Sunday, October 5, 2008

Highbridge's Heros


Chauncy Young seems almost physically unable to say the word "I" when talking about the work he's done as a community organizer for the Highbridge section of the Bronx. Colleagues and the residents whose lives he's touched however, consider him a one-man force of nature.

"I'm not very focused on taking credit," the 32-year-old says, taking a rare pause from his seemingly perpetual motion -- on his day off he is re-tiling his kitchen -- to make the point. Wiping cement from his trademark wire-rimmed Gandhi-style glasses, he continues: "It's more important as what we as a community are able to do."

"We" is Young's preferred pronoun; our common struggles the trope that runs through his entire life. He's spent it organizing community action, from student protests to union strikes.

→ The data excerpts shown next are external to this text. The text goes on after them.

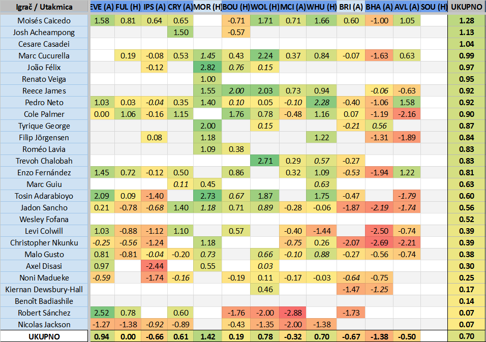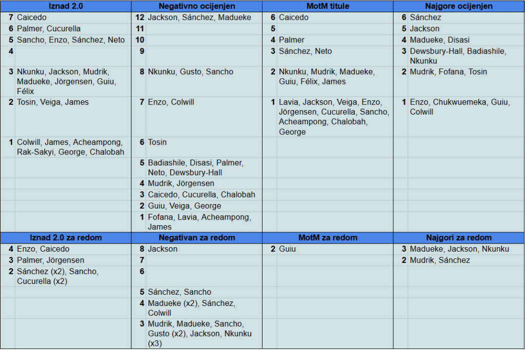 Najgora trojica bili su Jörgensen (-1.89) koji je na samom kraju utakmice (doslovno) prosuo taj 1 bod i poklonio domaćinima pobjedu, Palmer (-2.16) koji je prije toga promašio odličnu priliku za našu pobjedu te mu je ovo daleko, daleko najgora ocjena od dolaska u klub, te ponovno potpuno nevidljivi Nkunku (-2.21), 3. utakmicu za redom naš najgori igrač, sve redom ispod -2… Pa zar nije bolje da igra George?!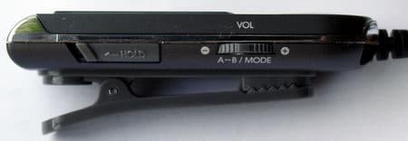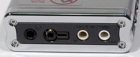 На верхней боковой поверхности расположены исключительно разьемы для ввода-вывода аудио. На фото можно увидеть комбинированный разьем для подключения пульта ДУ или наушников (в зависимости от желания пользователя). Также там находятся два комбинированных оптически/аналоговых разьема Line-In и Line-Out. Таким образом, если вы возьмете устройство с собой в дорогу, вы в любом месте легко сможете устроить как персональную дискотеку, так и персональную звукозаписывающую студию, тем более что встроенный кодер легко позволяет на лету кодировать записываемый звук в формат MP3. Необходимо отметить один большой недостаток комплектации устройства отсутствие оптического кабеля, так как необходимый кабель довольно сложно найти в магазинах.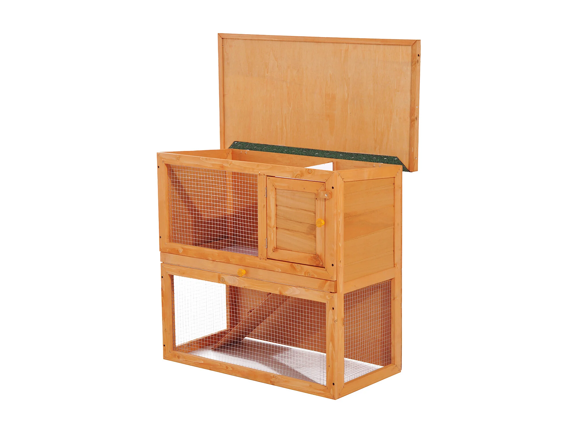 Clapier à lapin cage à lapin 2 étages plateau coulissant rampe et toit ouvrant 90L x 45l x 80H cm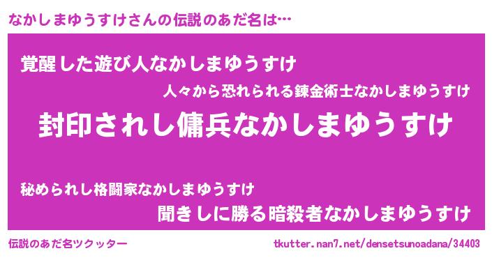 | 女子向けラノベタイトル風あだ名 | 『悪役なかしまゆうすけに転生したようですが、知った事ではありません』 |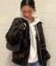 マットな質感とムラ感にこだわり、リアルな質感に仕上げたエコレザージャケットは、ポリエステルの裏地付きの仕様。オーバーサイズなので、ボリュームトップスの上に羽織れるのが高ポイント!合わせやすいブラックとブラウンの2色展開です。フロントのフラップポケットにはROXYハートを、左袖口にはメッセージを刺繍しています。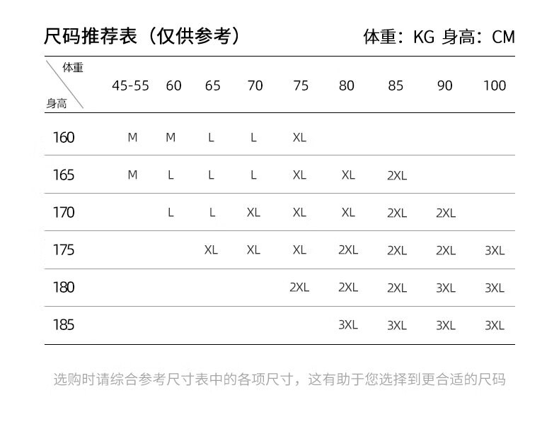 China (cm) 160-165/84-86 165-170 / 88-90 167-172 / 92-96 168-173 / 98-102 170-176 / 106-110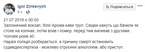 Тело мужчины нашли возле местного кафе около 00:50: "Железнодорожный вокзал, у "Арома кави" труп. Свидетели говорят, что видели как стоял на коленях, потом упал и умер, перед тем выпивал с друзьями", - сказано в сообщении.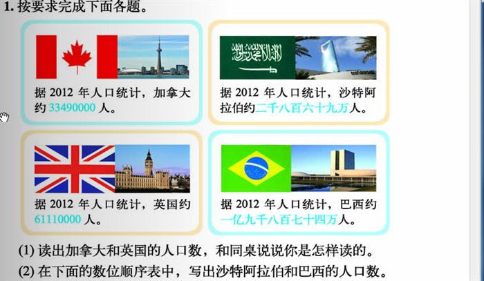 1、结合具体情境,借助数位顺序表,掌握大数的读、写方法,能正确地读、写大数,同时培养认真读、写数的良好习惯。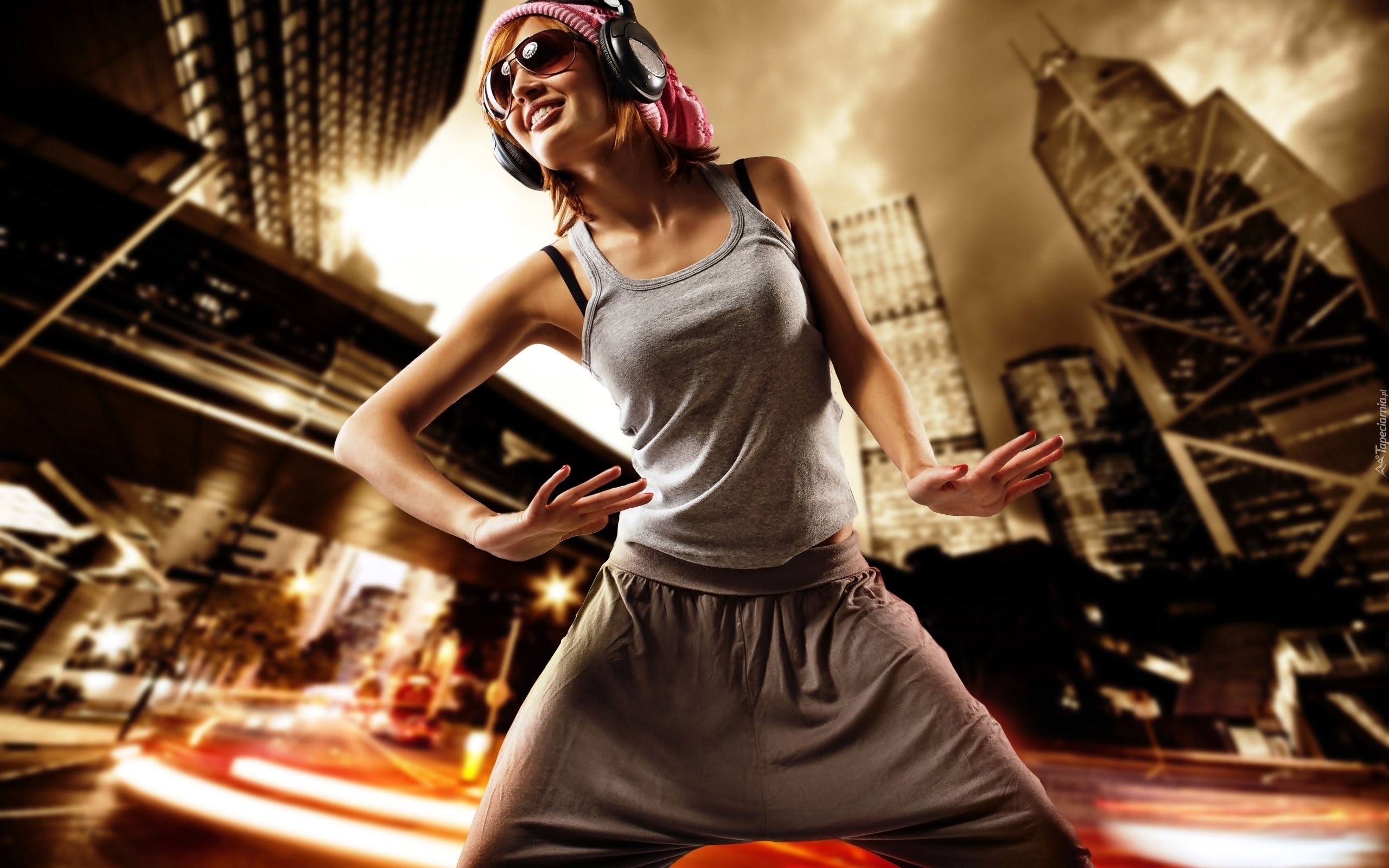 Edytor tapety: Dziewczyna, Taniec, Słuchawki, Okulary, Sportowy, Strój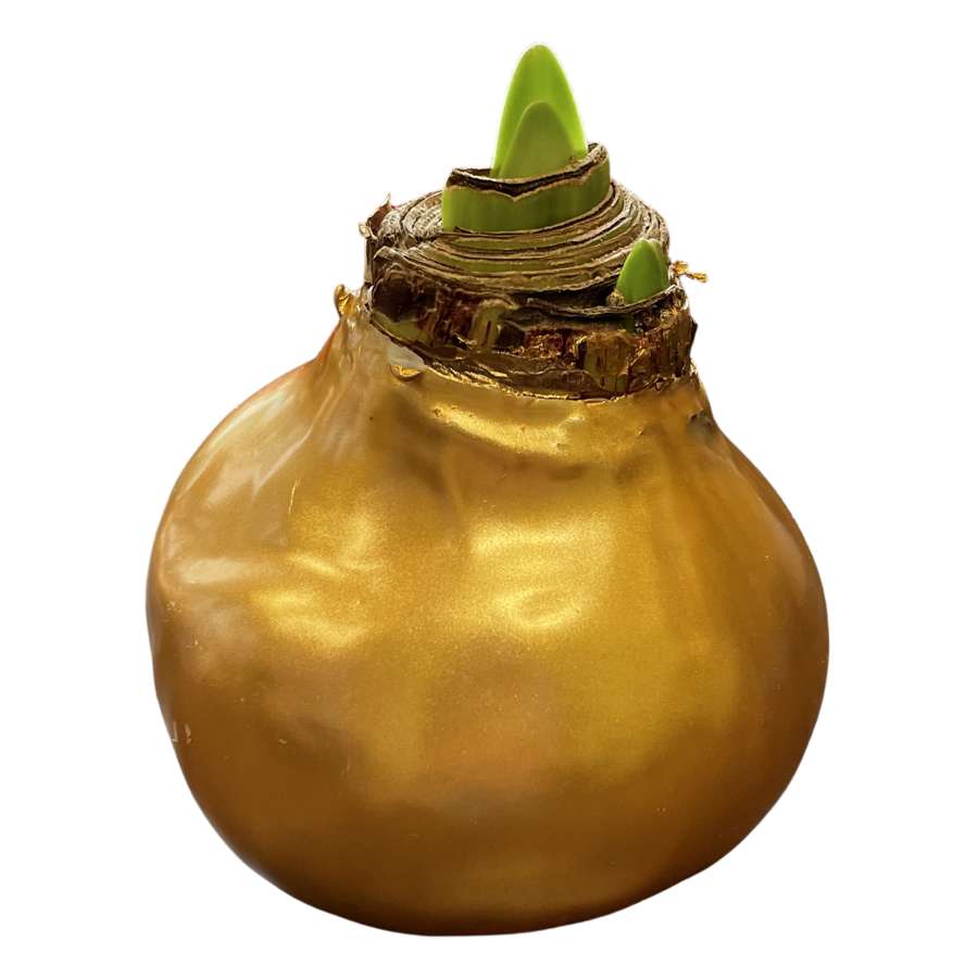 Nothing wows quite like a gold waxed amaryllis bulb. Place it on a flat surface and watch it bloom, adding the perfect touch to your space for the holiday season!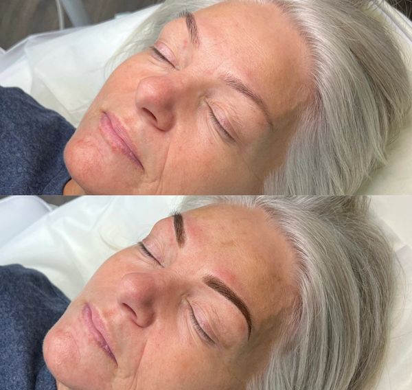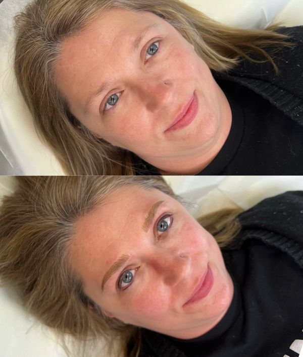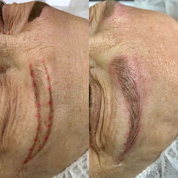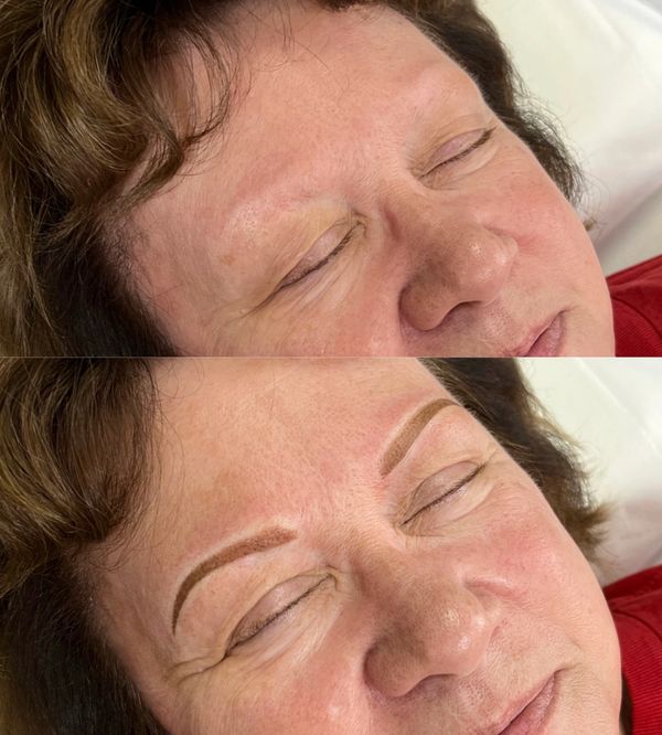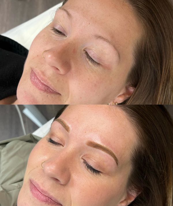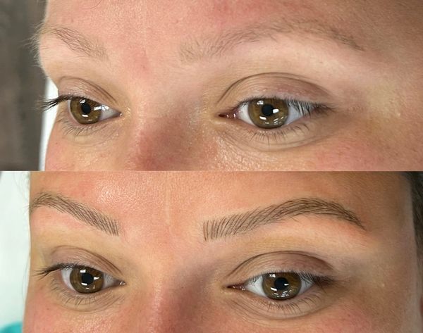 Machine Hairstroke brows + some shading, before & directly after the procedure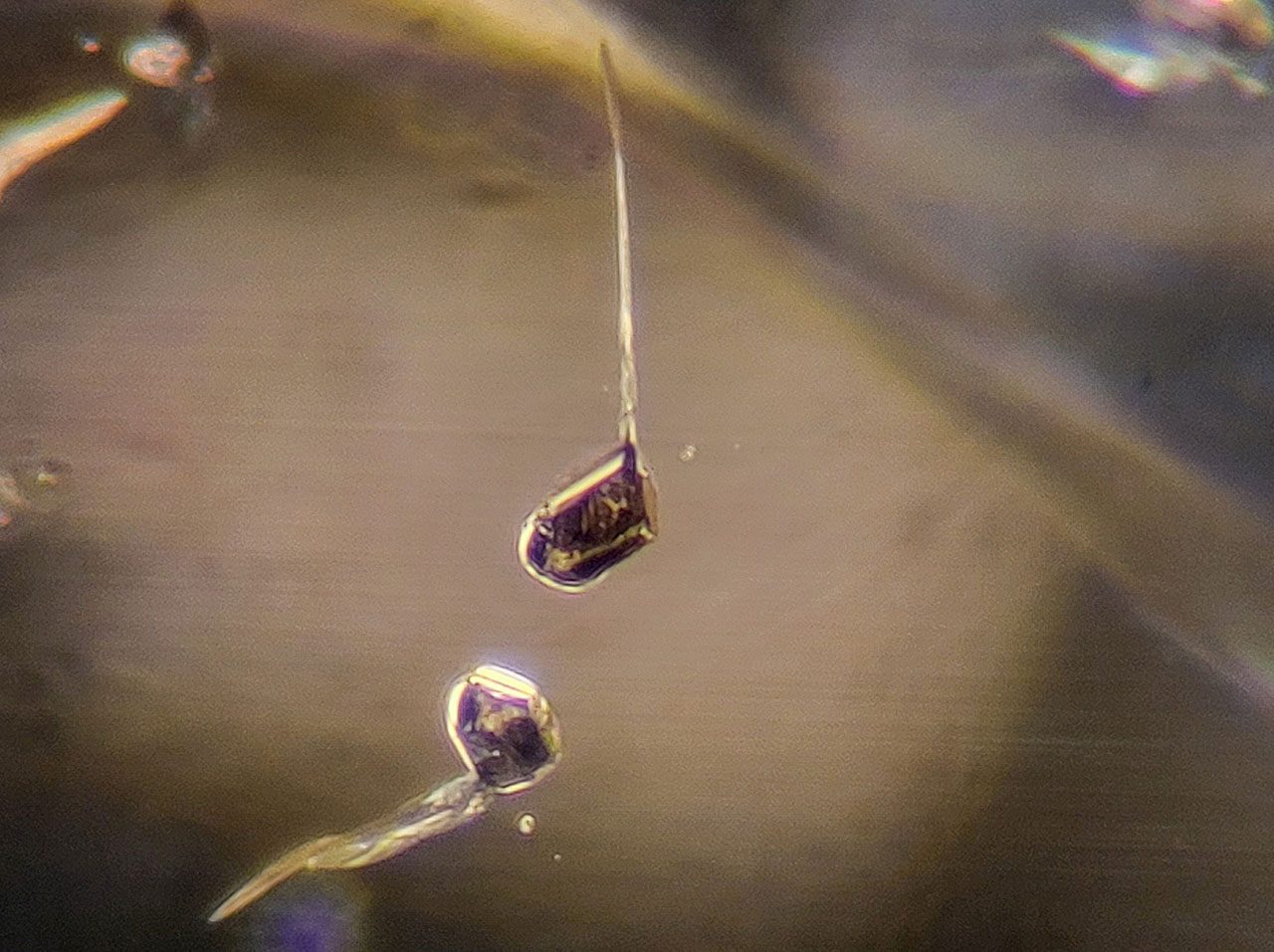 A crystal with a stress halo and a smaller adjacent crystal resembles a dotted quarter note. Several reflections of such crystals with stress fractures are visible. Photomicrograph by Michaela Damba; field of view 2.90 mm.

Young's been Highbridge's education organizer for five years, living there for three. He's fought for diverse issues: against razing parks, for new schools and expanding school holidays to reflect Muslim observances to name a very few.

"Wear sneakers with Chauncy," his co-workers at the Highbridge Community Life Center warn, a reference to the organizer's relentless energy for his causes.

Young isn't the "we" of the community he serves. He's white; Highbridge is black and Hispanic. Though he learned Spanish when at the University of Massachusetts and from his Puerto Rican wife Annalisa whom he met in college, he's from Rochester, NY.

"You'd think that he would stand out visually," says his coworker Dora Morillo, "But once he commits to something, people look past the outer exterior. Because he's true to what he says."

Despite differences, Young finds himself at home. Bounded by wide thoroughfares, he says, Highbridge's remoteness keeps the neighborhood tightly knit -- much like his childhood small town.

But the distinction is clear: At the first of the four shootings the Young's daughter, Isobel, 6, has witnessed, she asked, "Where's Superman?" With one of the nation's highest crime rates, Highbridge is no small town idyll.

Young's sister Melissa committed suicide at age 29 in 2001, just before Isobel's birth. He'd been Melissa's rock in hard times before, but fatherhood took his focus. He still struggles with guilt.

Unable to change the past, he rights present wrongs. Helping African immigrant Bandiougou Magassa, a 22-year veteran custodian of NYC schools who was fired though he worked while receiving chemotherapy, was a highpoint.


More than the fact that Young helped raise $26,000 when Magassa's extended family perished in a 2007 fire, Magassa was moved that Young attended mosque mourning services. Magassa approached him with his story, which Young took to the Department of Education and the governor. Magassa was reinstated.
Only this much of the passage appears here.